- Origin: London, England
- Genres: Pop
- Years active: 2001–2005
- Label: Avex Records
- Past members: Melissa Garrick Taymah Gaye Leah Tribe Natalie Edwards Holly Mallett

= Tymes 4 =

English pop band

Tymes 4 were a four-piece girl group from London. They released two albums and three singles.

==History==
Their first single was "Bodyrock", released in August 2001 in the United Kingdom. It was promoted around the UK, appearing on different television shows and with Tymes 4 doing a mini tour around selected schools. The track reached #23 on the UK Singles Chart, with a three-week residence. Their second single was "She Got Game" and featured on BBC Television's Children in Need show, Live & Kicking, The Saturday Show and the Pepsi Chart Show. This was also a top 40 hit in the United Kingdom reaching #40, in December 2001.

The group went quiet for about six months but returned in mid-2002 with the news that band member Holly James (her name was Holly Mallet at the time of being in Tymes 4) had left the band to go solo and pursue an acting career. They found another member called Leah Tribe, and they returned to work. In mid-2002, they re-released their debut single "Bodyrock" in Europe with a new cover and new remixes. One of the remixes called "Bodyrock" (Full Crew R'N'B Remix) had different lyrics than the original. The re-release was a flop and did not chart.
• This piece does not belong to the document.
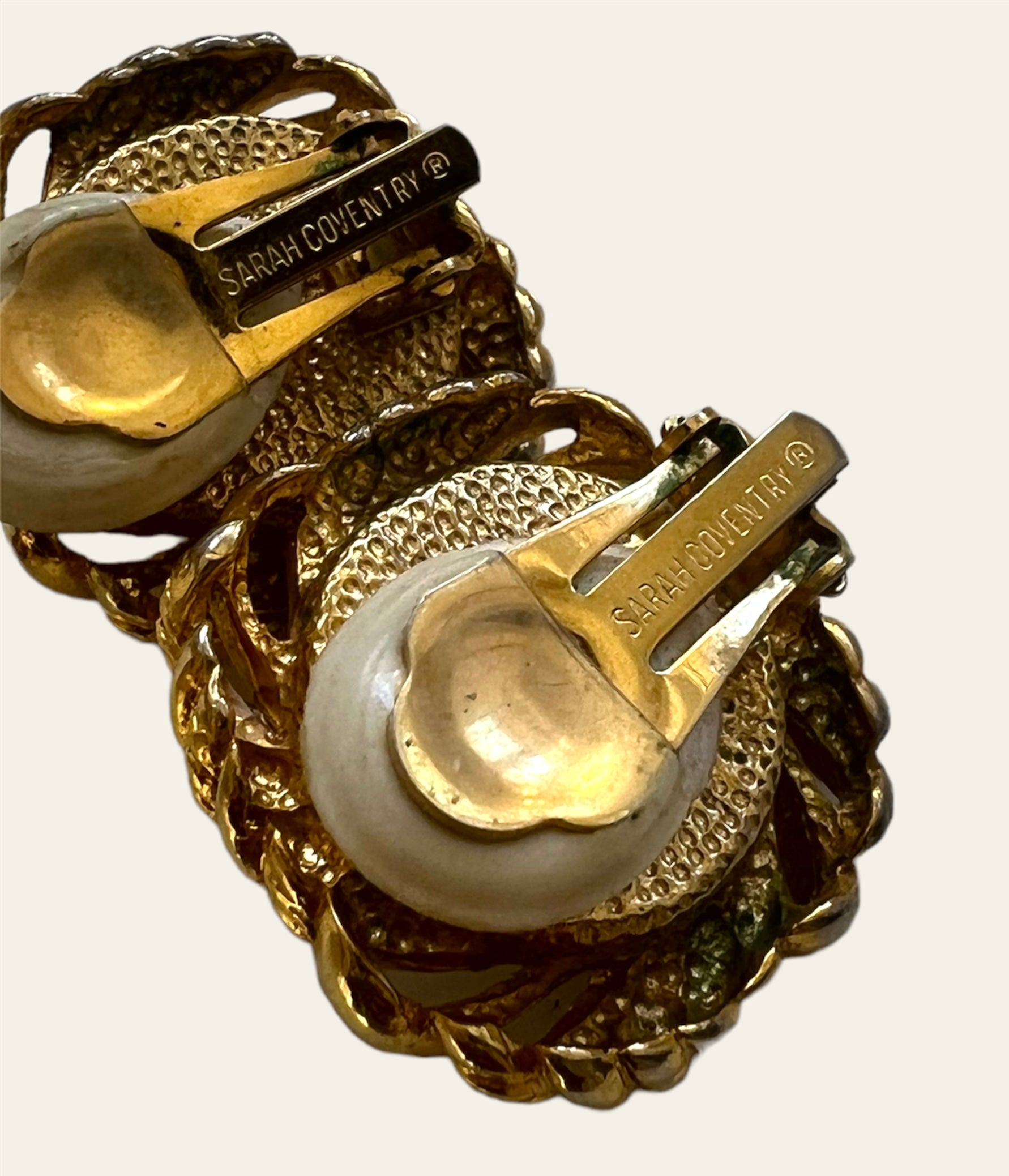 Sarah Coventry Gold Tone Faux Pearls Clip On Earrings

The band returned in April 2003 with the new single "Hooked", co-written by band member Taymah Gaye, and released later that month after a promotion campaign in the Netherlands. Tymes 4 appeared on Top of the Pops and Box Fresh, and the single reached #69 in the Netherlands. Their debut album 4 Story followed, and they concentrated in the Japan market, where they signed a recording contract with Avex Records. In January 2005, their second album, The Covers appeared which featured cover versions of various contemporary tracks by artists including Mariah Carey ("Always Be My Baby"), TLC ("No Scrubs") and Cyndi Lauper ("Time After Time").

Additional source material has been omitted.